# sweet front end upgrade



## GTO_400 (Jul 7, 2005)

I stumbled across this GTO with a custom front end that don't look really bad GTO pic


----------



## RiceEater (Jun 21, 2005)

Omg.... please don't tell me that's a GTO....

OMG. THE RICING OF OUR GOATS HAS STARTED :willy: :willy: :willy: 

:lol: Knew it had to happen sooner or later. I'm guessing though that the design of the front end serves no practical purpose (that thing doesn't look very aerodynamic) thus it can be qualified as rice


----------



## smkdu (Sep 22, 2005)

The only thing that looked sweet was the engine covers. I going to paint mine to match my car's color and do some accent work under the hood after my 402 upgrade. :cheers


----------



## Pennsylvania Goat (Jul 22, 2005)

Whoa, thats  UUUUGGGLY!! :rofl:


----------



## LIVEVIL (Sep 9, 2005)

**thumbs down**


----------



## Groucho (Sep 11, 2004)

Pennsylvania Goat said:


> Whoa, thats  UUUUGGGLY!! :rofl:


Agreed.

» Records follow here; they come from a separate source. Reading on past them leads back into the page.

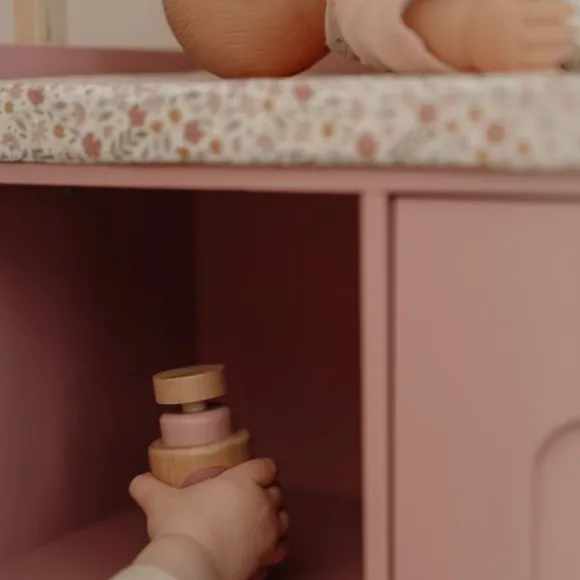 De commode is uitgerust met praktische schapjes en een kastje waarin verzorgingsspulletjes netjes opgeborgen kunnen worden. Zo blijft alles overzichtelijk en binnen handbereik. De roze kleur gecombineerd met natuurlijke houtaccenten geeft het meubel een warme, speelse uitstraling die perfect aansluit bij andere Little Dutch poppenaccessoires.
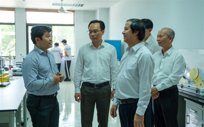 | Bộ trưởng Nguyễn Kim Sơn thăm cơ sở vật chất, trò chuyện với cán bộ Trường Đại học Cần Thơ. Ảnh: TT |
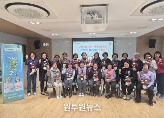 (원투원뉴스) 거제시치매안심센터는 지난 10월 15일 시작하여 매주 3회씩 총 23회에 걸쳐 진행된 2025년 하반기 치매예방교실‘기억반짝 청춘교실’이 12월 5일 참여자들의 큰 호응 속에서 마무리됐다고 밝혔다.
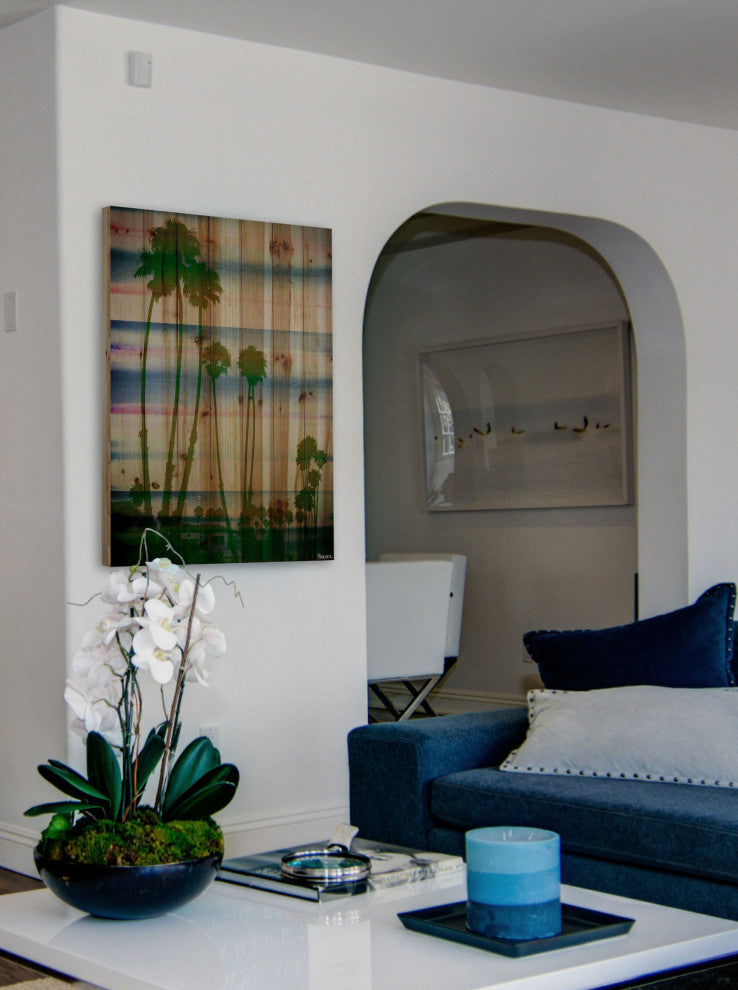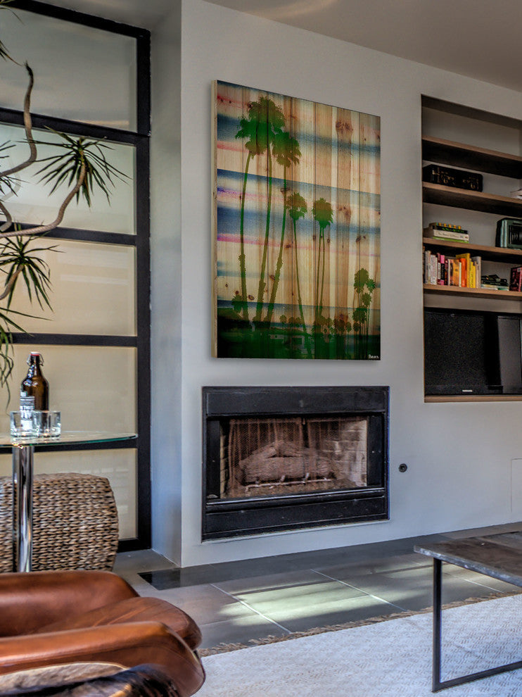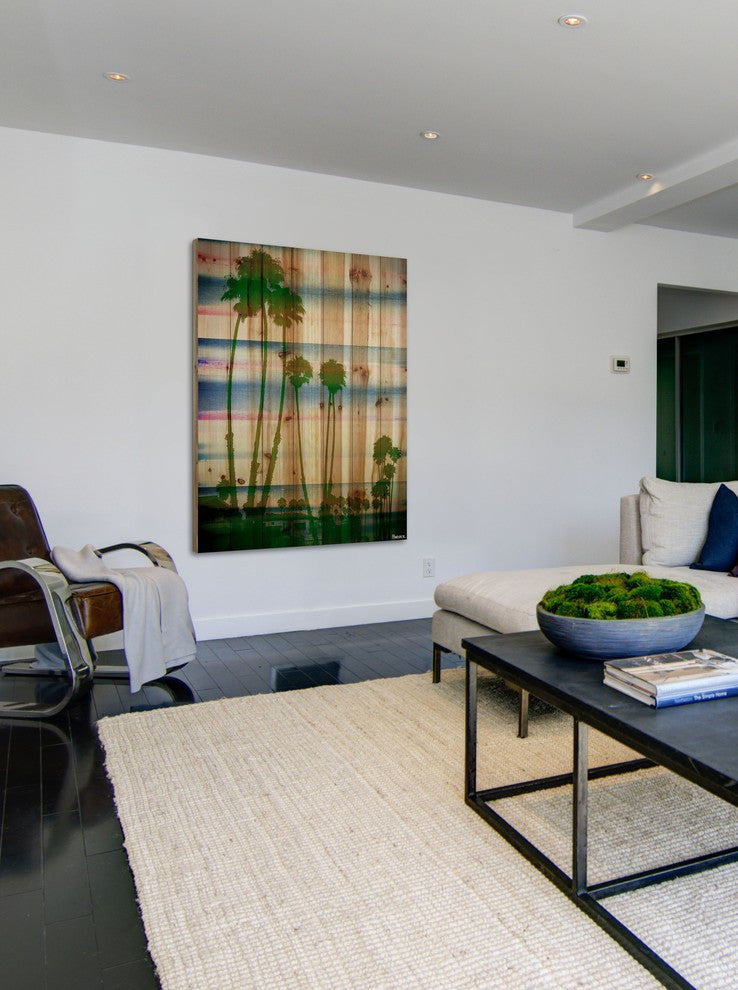 "Palm Rainbows" Print on Natural Pine Wood, 30"x45"
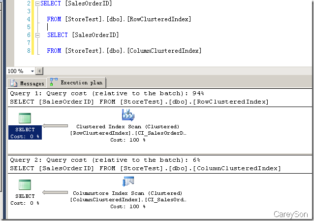 圖7的示例數(shù)據(jù)很少,但依然可以看到,列存儲比即使沒有非聚集索引的行存儲,占用空間也幾乎少了2/3,提升不可謂不巨大。
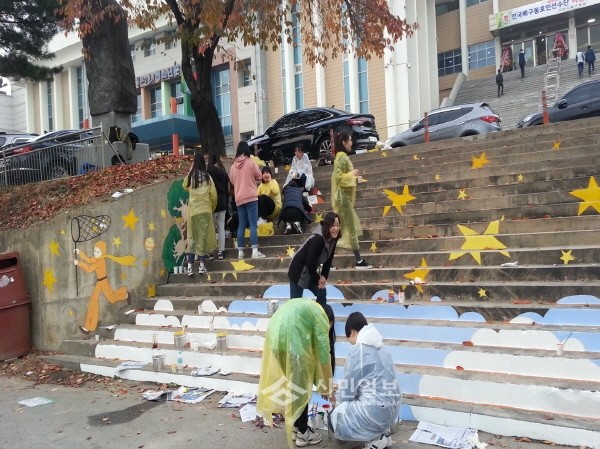 최근 경기 이천시 창전동 주민자치위원회는 C&C미술학원 강사, 학생 40여명과 함께 학교 통학로와 주민의 통행이 잦은 서희청소년문화센터 주변 계단을 '테마가 있는 계단'으로 꾸몄다. 사진은 참가 학생들이 계단을 단장하는 모습.(사진제공=이천시청)
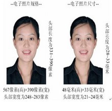 2、图像规格:567像素(高)× 390像素(宽),头部宽度为248~283像素,头部长度为331~390像素,分辨率300dpi,图像文件大小在20~200 kB,JPG格式。图像尺寸为48毫米(高)× 33毫米(宽),头部长度为28~33毫米,头部宽度为21~24毫米。

That's OMFG Hide the children ugly.

I've just bought one of these...an OEM Monaro VZ nose, new in the box. Now _that's_ pretty... w00t!


----------



## Firstgoat (Oct 1, 2005)

UCK :willy:


----------



## GTODEALER (Jan 7, 2005)

Hey Groucho, where's that picture of a bowl of rice you posted a while back? Re-post please!?!? :lol:


----------



## Groucho (Sep 11, 2004)

GTODEALER said:


> Hey Groucho, where's that picture of a bowl of rice you posted a while back? Re-post please!?!? :lol:


Wouldn't work...I don't have a picture of rice gone horribly bad.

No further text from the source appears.